Spec first. Code second.
Humans stay in control.

ae (Artifact Engine) turns backend development into formal, machine-validated YAML specs — then hands AI agents bounded, reviewable tasks instead of an open-ended request. Every module is specified, validated, and approved before a single line of code is written.

specs/modules/order-repository.yaml

kind: module_spec
metadata:
  id: module:order-repository@v1
  status: frozen
spec:
  identity:
    name: order-repository
    layer: infrastructure
  responsibilities:
    primary:
      - Persist order entities to PostgreSQL
    forbidden:
      - Business logic or state machine rules
  public_contract:
    operations:
      - name: SaveOrder
        errors: [ERR_PERSISTENCE_FAILURE]
      - name: GetOrder
        errors: [ERR_ORDER_NOT_FOUND]
  completion_criteria:
    - SaveOrder/GetOrder implemented against PostgreSQL

Outcome 01 · Models

You don’t need a frontier model. You need a better task.

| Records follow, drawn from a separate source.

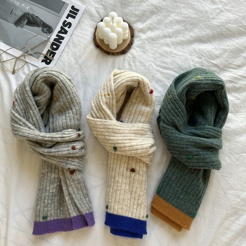 秋と冬の女性かわいいカラフルな点線の無地のニットスカーフカシミアスヌードスカーフ
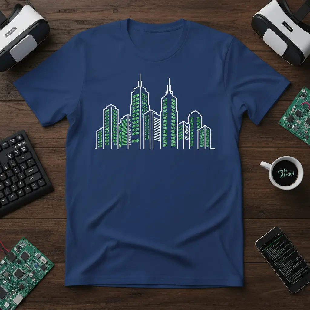 This unique design captures the essence of the digital age, presenting a stylized cityscape where the windows of each building are meticulously crafted from binary code. The clean lines and modern aesthetic make it a standout piece for any wardrobe. It’s a perfect way to express your connection to the world of technology, programming, and innovation.
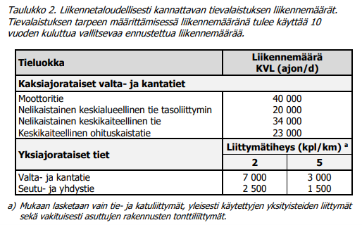 - keskimääräinen vuorokausiliikenne (KVL) on alle 40 % taulukon 2 arvosta
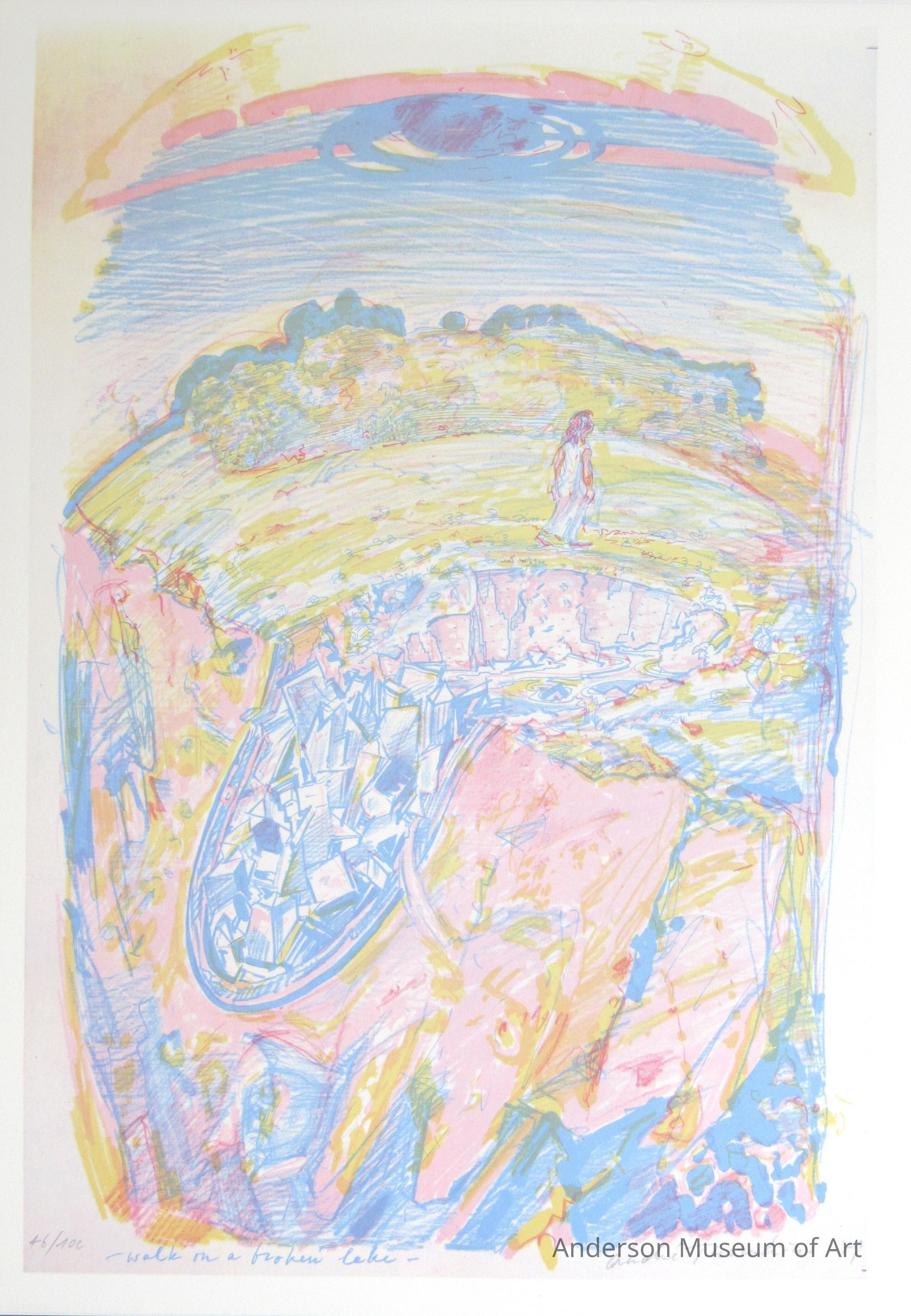 1985.2.2.9 - Abstract color print of a colorful landscape. On the top is a lady in a white dress walking away from a small pond. There are some green and yellow shrubbery to her left. The rest of the image is made up of a cross section of the land. The viewer can see that the small pond is filled with blue rocks and the ground is light pink. "-walk on a broken lake-" in blue at the bottom. Print 46/100. Signed in pencil, BRC, "Andre Thomkins 79". Size: 19.562 x 13.75

Frontier models compensate for vague tasks. ae removes the vagueness instead: each agent gets one small, fully specified module contract — and suddenly a flash-class model performs like a senior engineer. Our entire measured pipeline, specs and implementation, runs on low-cost models.

specs · gpt-5.4-mini
code · qwen-class agents
flash pricing, end to end

Outcome 02 · Correctness

Hallucinations don’t get fixed. They get engineered out.

Models invent APIs when they’re forced to guess. ae leaves nothing to guess: every callable dependency is spelled out in the spec, and 40+ machine-checked rules reject incomplete specs before code generation starts. An agent that genuinely can’t proceed files a structured blockage report — it never improvises.

70 modules measured · 0 invented APIs
40+ machine-checked rules

Outcome 03 · Cost

Up to 50× fewer tokens than an agentic session.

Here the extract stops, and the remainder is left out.